November 30, 2023 08:18
The Korea Meteorological Administration is scrabbling for new names for typhoons after certain monikers such as Megi (catfish) and Noru (roe deer) were thrown out by the World Meteorological Organization last July.
Typhoon names are rotated among a total of 140 submitted by 14 meteorological offices worldwide. But if a typhoon causes tragic devastation it is no longer recycled to spare sensibilities. Megi and Noru caused a total of 226 casualties in the Philippines last year, leading to their removal from the list.
The criteria for a typhoon name are surprisingly stringent. It must be in Korean, easily pronounceable and memorable for people from other countries. It should not cause confusion with other meteorological information, evoke specific regions or groups, or have a negative or overly strong connotations, given the potential for significant human and property damage caused by typhoons.
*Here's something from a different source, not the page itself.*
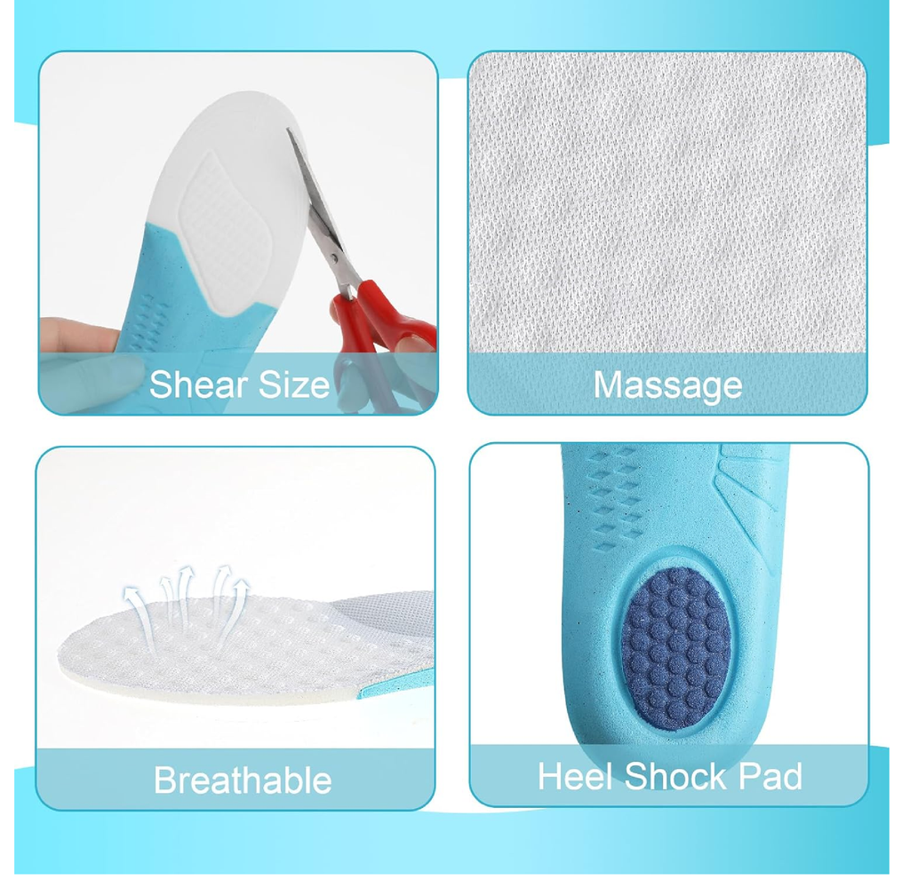 -Multi-person Adaptation: Kids insoles for sneakers are designed to fit a variety of shoe types, including spikes, sneakers, boots, etc. Foam shoe inserts can be easily trimmed to match your child's shoe size to ensure an easy fit.

The KMA appealed for suggestions from the public in July and 412 suggestions came in that were then vetted with the help of the National Institute of the Korean Language. A shortlist of 10 candidates will be whittled down to six by Dec. 31.
The WMO, consisting of forecasters from 14 countries, will then conduct a final round of voting to select the top two.
"It is widely believed in the international community that typhoons tend to live up to their names," a KMA official claimed, and expressed the hope that typhoons with Korean names will pass without causing major accidents.